[XML-SIG] PyExpat encoding (was: XML support in Python 1.6)
Thu, 1 Jun 2000 14:28:06 -0700 (PDT)
On Thu, 1 Jun 2000, Andrew M. Kuchling wrote:
> On Thu, Jun 01, 2000 at 12:56:28PM -0700, Greg Stein wrote:
> >IMO, we should have a fixed output format, which is the Expat default:
> I don't know; it seems a bit odd to parse a Unicode string and then
> have to convert from an 8-bit encoding back to Unicode in your
> character data handlers, attributes, etc. The problem is that it's
> also odd to parse a regular Python string and get back Unicode.
> OTOH, if Latin1-encoded XML has something like <!ENTITY unichar
> ޴> &unichar; in it, Unicode is the only thing it could possibly
Yes, Unicode is the only thing it can return.
BUT: it can return it as a Unicode object, or as a UTF-8 encoded string.
In other words, I think you're confusing the character set that Expat
operates with (Unicode) with the encoding of that charset (UTF-8 or
UTF-16; the latter is used by the Unicode object).
> Maybe PyExpat could attempt to convert its Unicode output
> into an 8-bit string (but using what encoding?), and only return
> Unicode if it has to.
> Hmmm... on the third hand, XML is a Unicode based standard, and
> sometimes returning Unicode and sometimes an 8-bit string is also
> strange. Maybe it's best to just always return Unicode, and leave
> further conversion to the caller.
> I think I'd go for the third option: always returning Unicode strings.
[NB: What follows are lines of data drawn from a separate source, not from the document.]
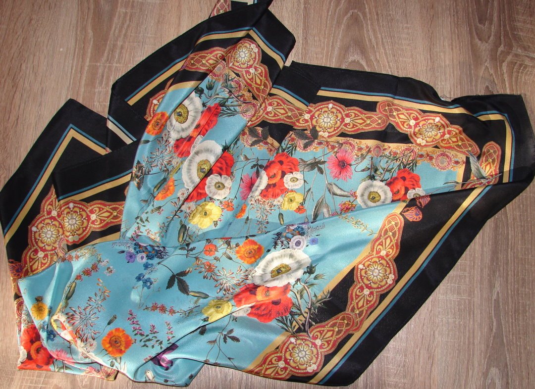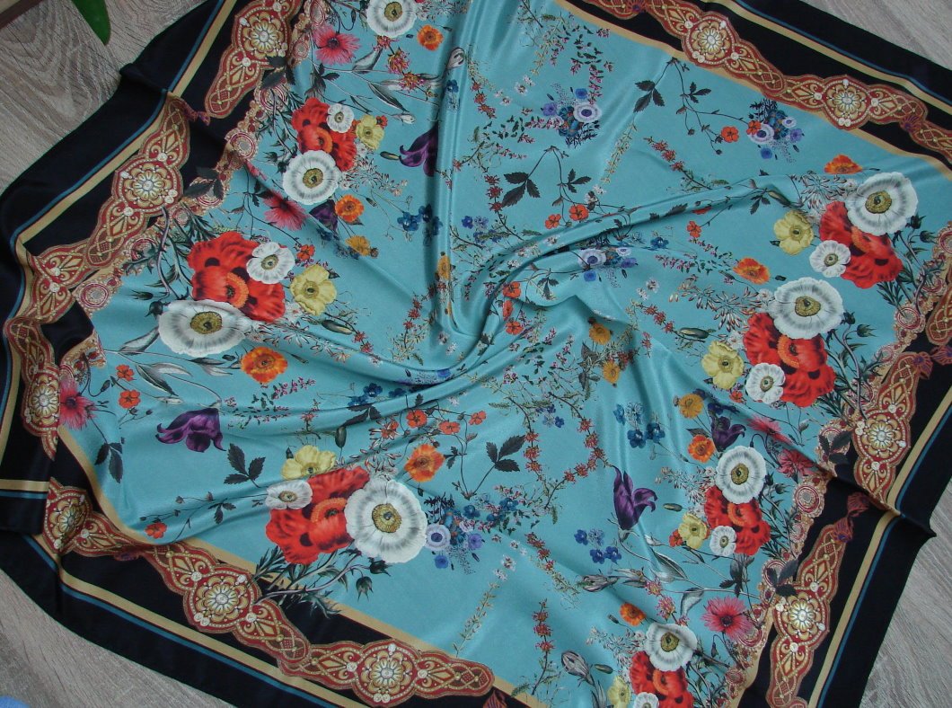 Принесла фотографии крепдешинового платочка в размере 89 см №10127-18, проект "Палитра". Дата на этикетке 21.09.16г.
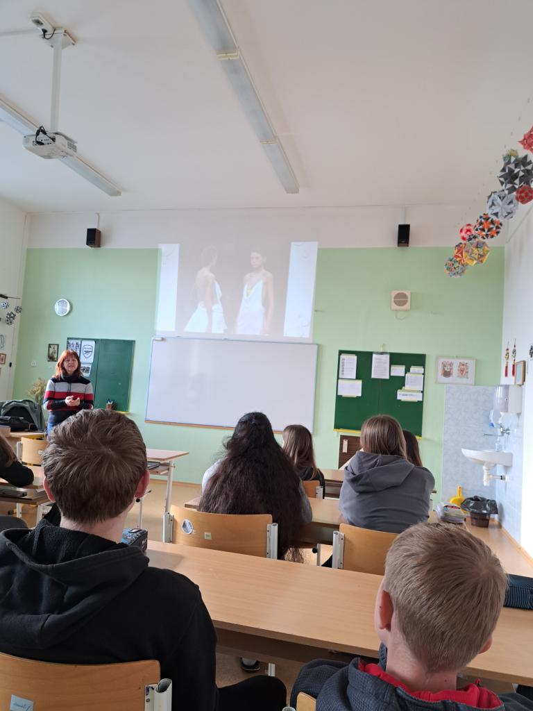 V úterý 1. 4. 2025 přijela za dětmi z 5., 6. a 8. třídy lektorka z Poradny pro ženy v Olomouci paní Jana Stejskalová. Během několika hodin se jim snažila vysvětlit, jak jejich tělo během dospívání funguje, jak se mění a také co vede mladé lidi k nesprávné životosprávě. Řekla jim, jak má vypadat správný jídelníček, které potraviny jsou vhodné a které ne. Také jim vysvětlila pojmy mentální anorexie a bulimie, jaké jsou příčiny vzniku a také fyzické a psychické důsledky těchto poruch. Uvedla jim i konkrétní příklady z praxe. Na závěr mohly děti klást otázky na témata, která je ohledně dospívání a puberty zajímají. A bylo jich opravdu hodně.
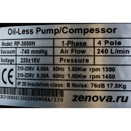 Поршневой вакуумный насос Zenova RP-3000H-220 – это двухступенчатый насос для откачивания закрытых объемов воздуха до остаточного давления 30 мбар.
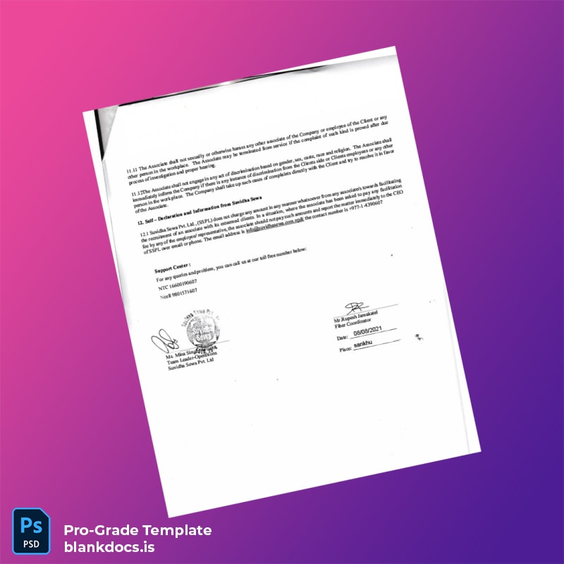 Be the first to review “Blank India Suvidha Sewa Pvt Ltd Employment Verification Letter Template (Word/PDF) 6 page”
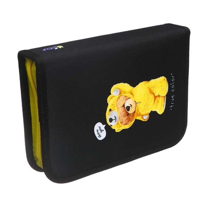 Пенал 1 секция, 140 х 200 х 40 мм, 2 откидные планки, тканевый, ПКТ 09-20 "Мишка Кря"

Expat is characterized by its speed. Throwing conversions in there is not
going to help.
Yes, varying output is wrong. Expat's default is UTF-8. My recommendation
is to use UTF-8.
If somebody is adventurous, then they can add a flag to pyexpat that
states what encoding to use for the callbacks: UTF-8 or UnicodeObs. But
without that extra work, it "should" be UTF-8.
Greg Stein, http://www.lyra.org/